## [What the task asks]
Could you please retype exactly the lines from the start of the records below through the line that contains "就是获得妖怪时,妖怪有概率变异为特殊的稀有形态~", both included, and leave out the pictures?

Records from a collection:
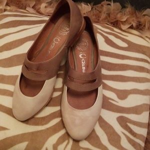 Cream & Taupe handmade Ibiza flat in Size 7 NWOT. Only tried on indoors. Such a classy and classic shoe!
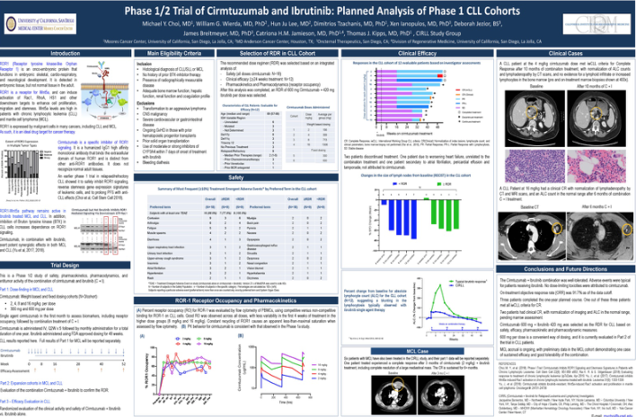 “These data presented today, taken together with an earlier Phase 1 study of cirmtuzumab as a monotherapy in relapsed/refractory CLL, give us increased confidence in the potential for cirmtuzumab as a treatment for patients with ROR1-expressing lymphoid malignancies, particularly in combination with ibrutinib as a potential treatment for patients with CLL and MCL. We believe that the data also help to validate the importance of ROR1 as a therapeutic target,”
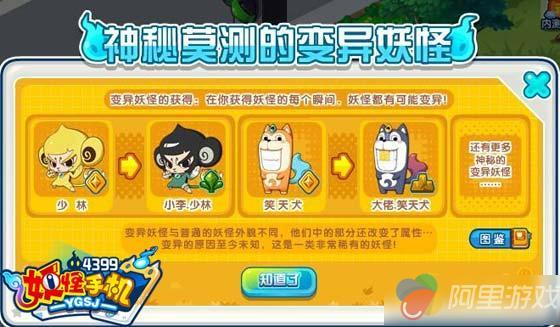 就是获得妖怪时,妖怪有概率变异为特殊的稀有形态~
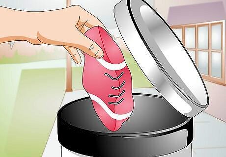 Replace worn down toys. It is also always a good idea to pick up and remove any toys that are well past their prime. Pet training supply manufacturers are not fully regulated and so it is best to not push these products too far. Any toys that are ripped apart could possibly be ingested by your pet.
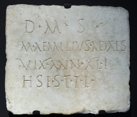 - D(is) M(anibus) s(acrum) / M(arcus) Aemilius Adaes / vix(it) ann(os) XLI / h(ic) s(itus) e(st) s(it) t(ibi) t(erra) l(evis)
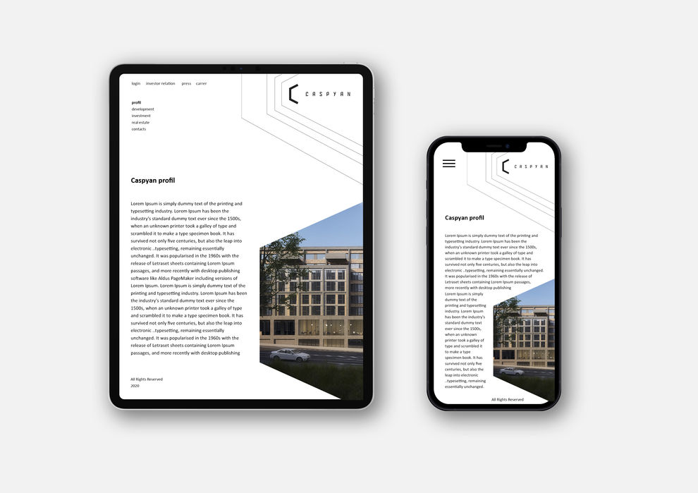 Visual identity for a holding company involved in developing projects. The initial C is stylised into a geometric element, followed by other graphic principles - directional lines and slanted shapes. The design is minimal and discreet.
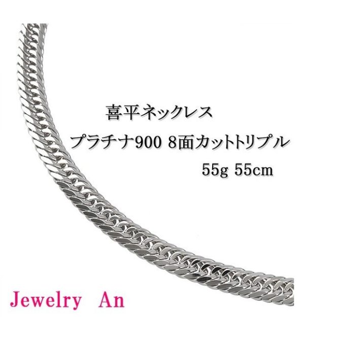 プラチナ900 喜平 ネックレス PT900 トリプル8面カット 55g 55cm 造幣局検定マーク 刻印入り メンズ レディース キヘイ チェーン
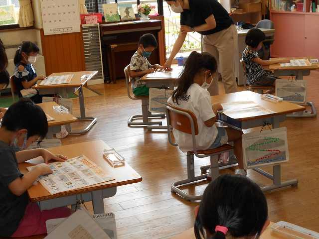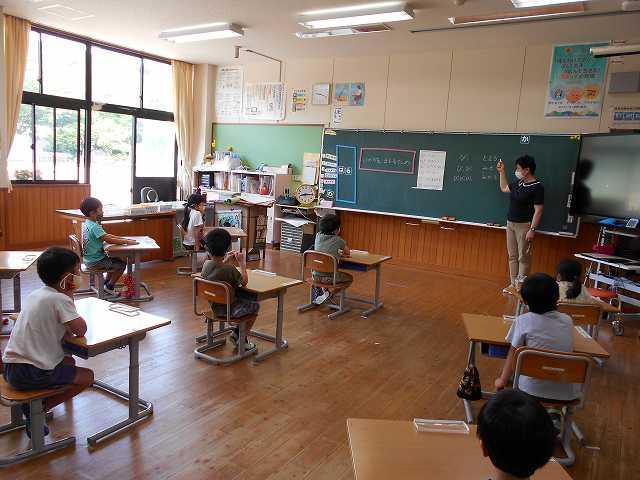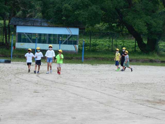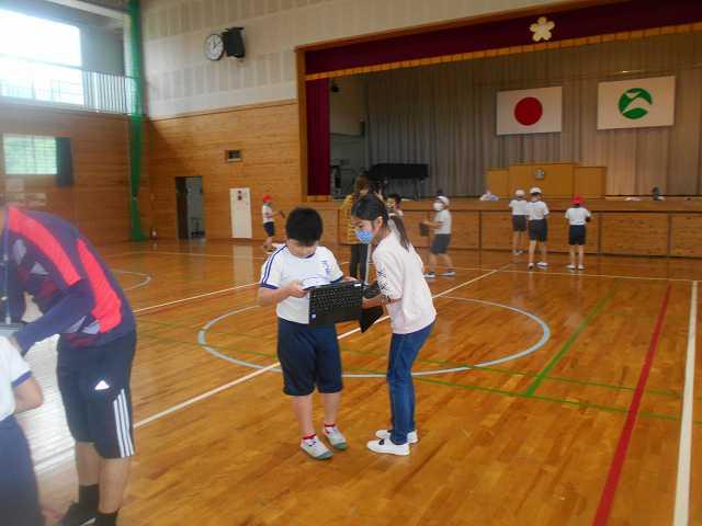 昨日の雨もあがり、暑くもなく、体力テスト日和となりました。密を避けて、2学年ごとに実施しました。1年と6年、2年と5年、3年と4年のペア学年です。1年生は初めての体力テストでしたが上手に取り組むことができました。
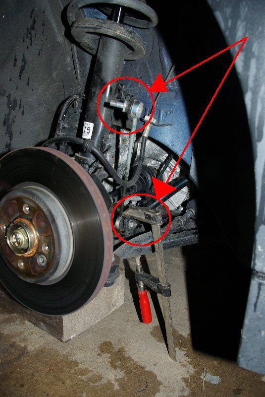 Jetzt ist die untere Verbindung zwischen Dämpfer und Achsschenkel dran. (18-er Ringschlüssel oder Steckschlüssel). Dabei den Achsschenkel mit (z.B. Holzklotz) abstützen, da dieser nach unten sinkt. [Nachtrag: Position des Dämpfers im Achsschenkel vorher mit einem dünne Filtzstift markieren!]
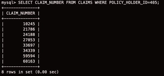 SELECT COUNT(CLAIM_NUMBER) COUNTED
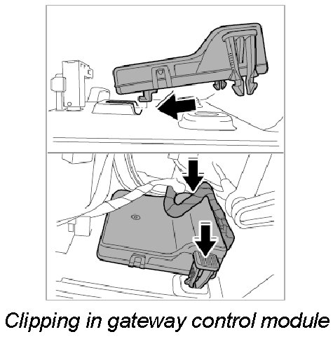 2. Insert the gateway control module with the guide pin in the guide on the glove compartment and clip in.
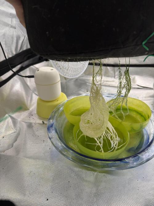Wouldn't be a first grow without a scare of the week. 😵 Last week we had an accidental topping, this week we have roots growing all outside the pot. On 9/16/25 I noticed the root growth out the bottom of the pot. My wildly unintelligent drain pan setup used bows to space the pot up and they collected runoff, leaving the roots with a nice bath of runoff water to grow into. Learning every week, this week I learned about air-pruning. Went ahead and cut these root growths off, purchased a 1$ Lowes runoff pan, and returned three bowls and a nice Pyrex dish back to the kitchen. About the same time of my root issue, within the next 2 days a good amount of leaves had slight yellow tips...
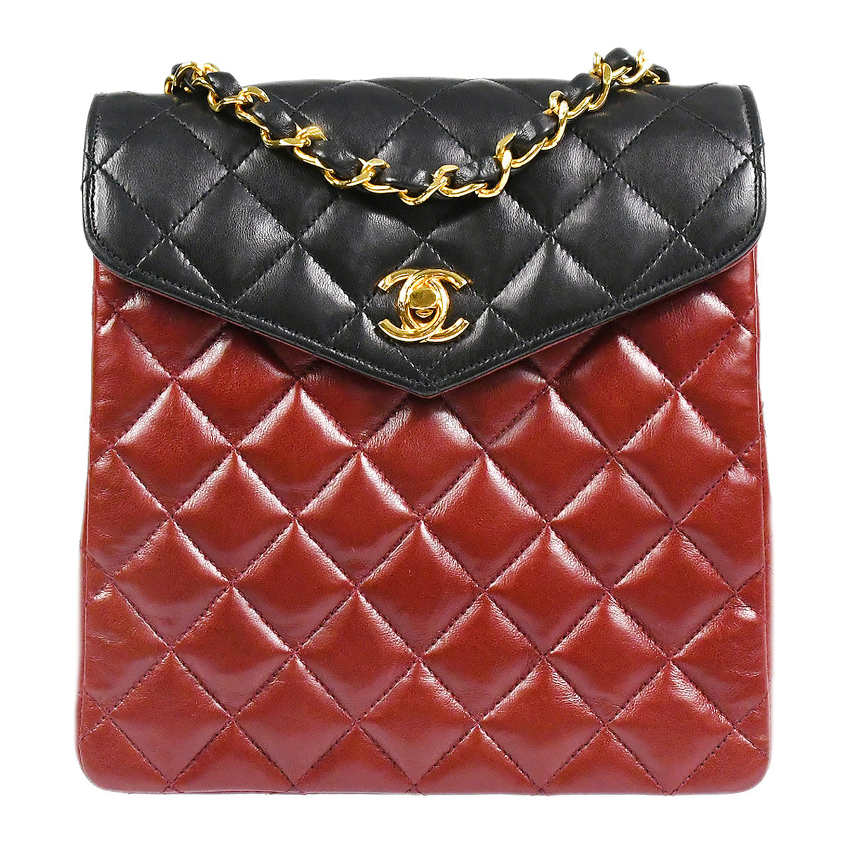 | Chanel Chain Shoulder Bag Bi-Color Red Black Lambskin | |

## [Output below]
 Cream & Taupe handmade Ibiza flat in Size 7 NWOT. Only tried on indoors. Such a classy and classic shoe!
 “These data presented today, taken together with an earlier Phase 1 study of cirmtuzumab as a monotherapy in relapsed/refractory CLL, give us increased confidence in the potential for cirmtuzumab as a treatment for patients with ROR1-expressing lymphoid malignancies, particularly in combination with ibrutinib as a potential treatment for patients with CLL and MCL. We believe that the data also help to validate the importance of ROR1 as a therapeutic target,”
 就是获得妖怪时,妖怪有概率变异为特殊的稀有形态~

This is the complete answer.